SA4QE - The Slickman A4 Quotation Event

This fan event began in 2002 as a unique way of spreading the words of Russell Hoban. Every 4th February (Russell's birthday), readers around the world write their favourite quotations from his books on sheets of yellow A4 paper (the sort he used) and leave them in public places, and/or share them on social media with the hashtags #sa4qe and #russellhoban. Contributed photos and commentary were posted from 2002 to 2012 on the SA4QE site and then following this site's launch in 2012 new posts were uploaded here until 2022. This site no longer includes new contributions, but fans are welcome to continue celebrating! If you need a single sheet of yellow A4 and have enough yellow ink in your printer you can download this PDF. Below are some random quotations shared in previous years.

“It is a strange and frightening thing to be a human being, to partake of the mystery and madness of human consciousness.”

What passes for reality seems to me mostly a load of old rubbish invented by not very inventive minds.

The black man turned and looked at me. "Tortuguero," he said. He said it like a password but made no secret sign. He said it because he needed to say the name aloud just there and then to me. I nodded, felt dizzy.... How did he know that I knew where Tortuguero was? I shall never see the picture.

“The things that matter don't necessarily make sense.”

…this time I fealt a Power in me what circelt with it. Membering when the thot come to me: THE ONLYES POWER IS NO POWER. Wel now I sust that wernt qwite it. It aint that its no Power. Its the not sturgling for Power that’s where the Power is. Its in jus letting your self behynt and letting your self be where it says in Eusa 5:

… in tu the hart uv the stoan hart uv the dans. Evere thing blippin & bleapin & movin in the shiftin uv thay Nos. Sum tyms bytin sum tyms bit.

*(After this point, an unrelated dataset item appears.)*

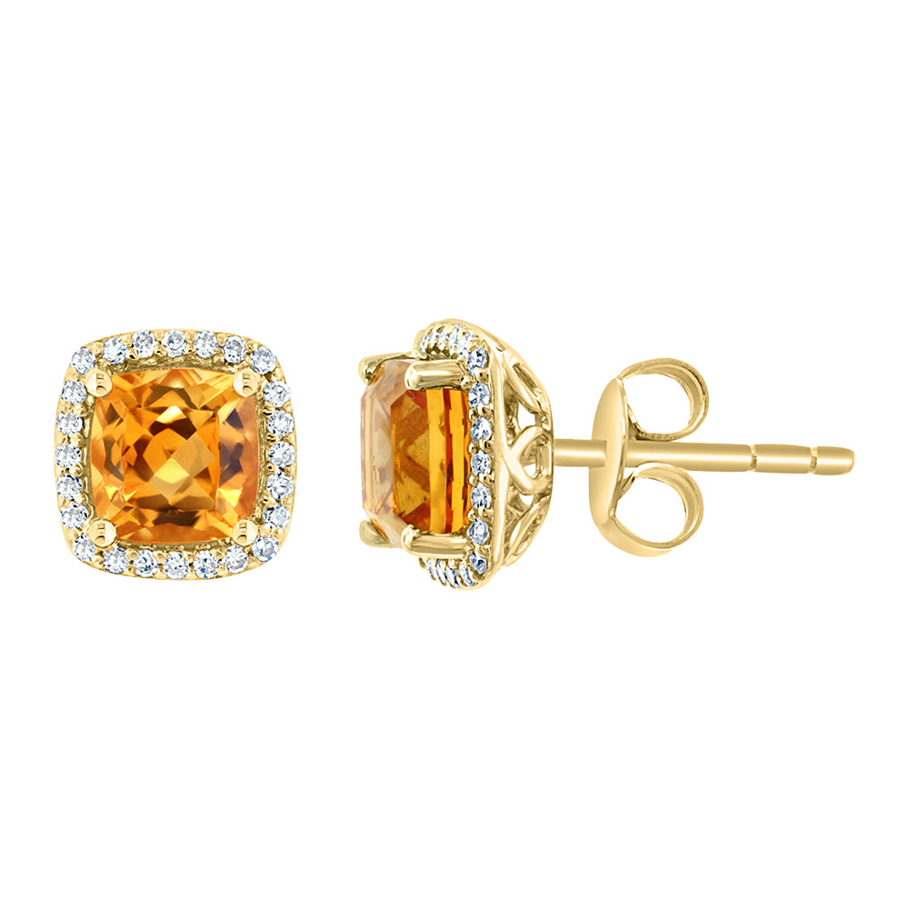 PRODUCT DETAILS: 14k Yellow Gold 1.9ct Cushion Cut Citrine and Diamond Stud Earrings, Stone Type- Citrine, Total Carat Weight- 1.9cttw
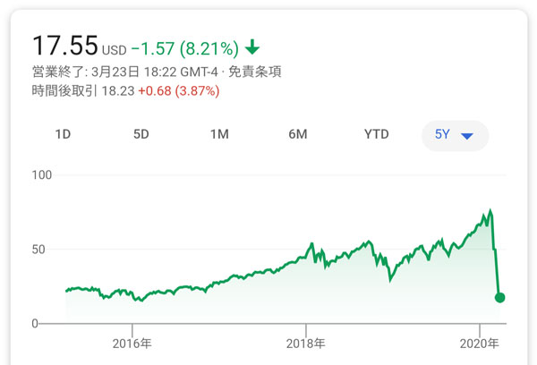| 2020/3/23(月) | 100株 | 18.30 USD | |||

'Do you think about fidelity sometimes?' said the head [of Orpheus].
'Sometimes.' Years after Luise had gone I found inside a copy of Rilke's Neue Gedichte her recipe for bread; I'd never seen her use a written-down recipe but there it was in her writing on a folded-up feint-ruled notebook page marking 'Orpheus, Eurydike, Hermes':

1.5 kg granary flour
2 dessertsp oil
1      "   salt
1 tblesp caraway seeds
2      "  dried yeast
1½ pts water, bloodwarm
1 teasp sugar

Put flour in a bowl, add oil & caraway seeds. Put sugar & yeast in a jug, add a little of the warm water. Leave for 10-15 mins in a warm place to froth, add salt to warm water. When yeast dissolved, add to the flour and water. Stir, then turn on to a floured board & knead 10-15 mins until it is elastic. Put back in bowl, cover, leave to rise in warm place. When doubled in size, take out, divide into 2, knead & thump, shape into loaves and put in greased tins. Cover, leave for 10 mins in a warm place, then put in oven & bake at 220º for 40-5 mins.

The smell of the brown loaves was like fidelity.

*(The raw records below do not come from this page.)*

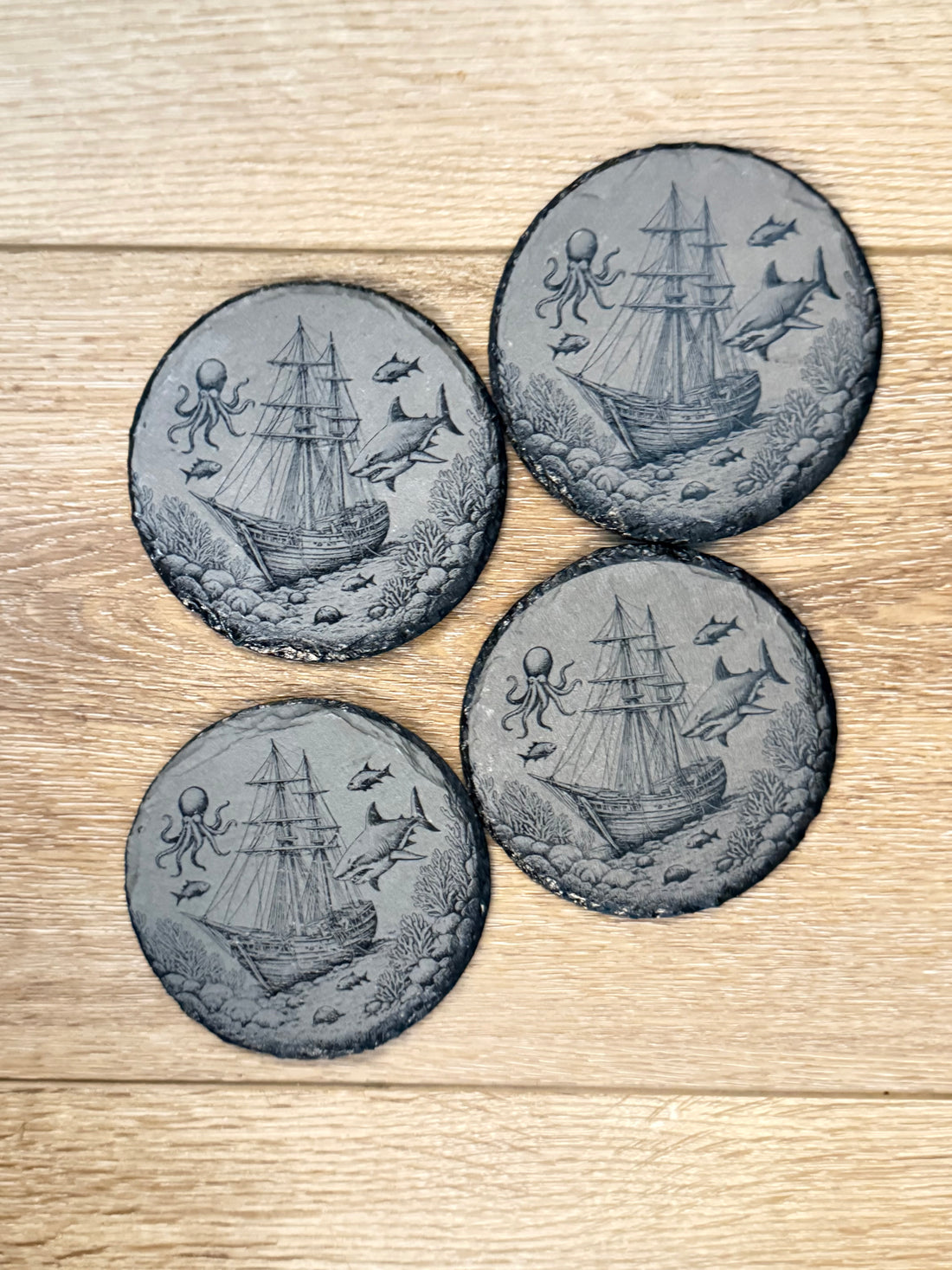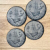DISCLAIMER: Coasters are made from slate, thus will have different grain and texture differences, slight natural flaws and grain patterns. We cannot guarantee a items will be identical and without natural flaws.
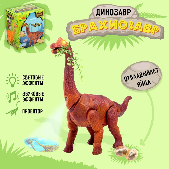 Динозавр «Брахиозавр травоядный», работает от батареек, откладывает яйца, с проектором, цвет коричневый
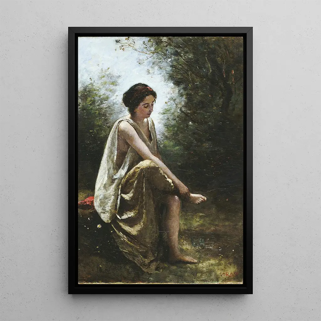 I "Eurydice blessée" skildrar Jean-Baptiste-Camille Corot en gripande scen ur den grekiska mytologin. Figuren av Eurydice, både vacker och tragisk, avbildas i ett ögonblick av sårbarhet, skadad och omgiven av en frodig natur. De mörka färgerna och skuggorna förstärker scenens känslomässiga uttryck, medan det mjuka ljuset som sipprar genom träden skapar en slående kontrast. Corot, med sin delikata måleriteknik, lyckas förmedla en atmosfär av melankoli och förtvivlan, vilket inbjuder betraktaren att känna djupet i detta tidlösa drama.
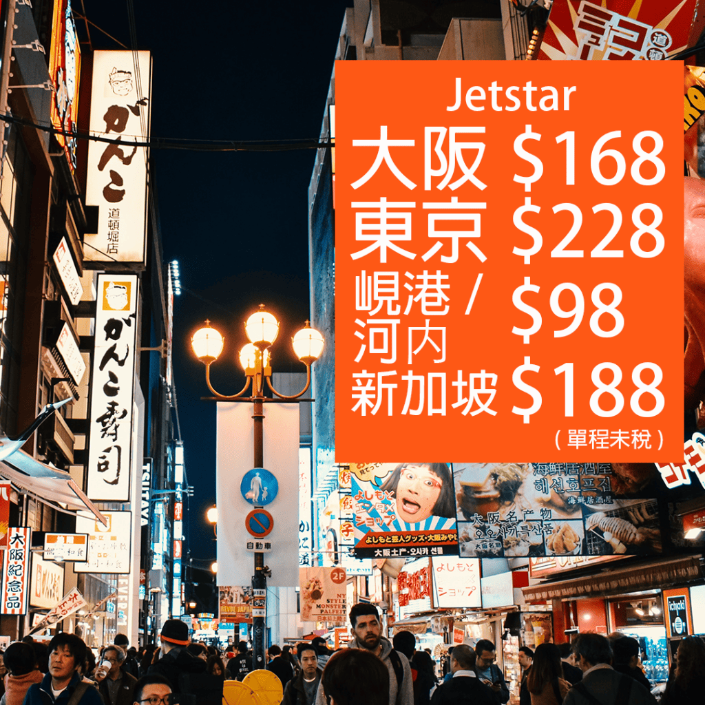 抵買!連稅八百飛大阪/東京!限時3日!單程低至$98!香港飛大阪單程只需$168起、東京$228起、峴港/河内$98起、新加坡$188起 – Jetstar (優惠至2月3日)
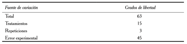 En el delineamiento experimental se utilizó un diseño de bloques completos al azar (DBCA), unifactorial, de 16 tratamientos incluidos dos testigos, en cuatro repeticiones; y para comparación de promedios en tratamientos, la prueba de significación Tukey, al 5% de probabilidad.
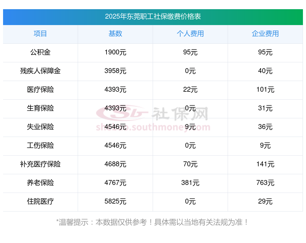 2025年东莞职工社保缴费基数是多少钱一个月?职工社保缴纳标准是多少?

"Every night the departure softly closes the door of the house behind it and puts its foot to the dark road; there is a continual walking into the the dark on the road away. Other nights I have lain in my bed; tonight I hear my footsteps on the road, tonight I put my feet into my footsteps and I go."

Fidelity is a matter of perception; nobody is unfaithful to the sea or to mountains or to death: once recognized they fill the heart. In love or in terror or in loathing one responds to them with the true self; fidelity is not an act of the will: the soul is compelled by recognitions. Anyone who loves, anyone who perceives the other person fully can only be faithful, can never be unfaithful to the sea and the mountains and the death in that person, so pitiful and heroic is it to be a human being.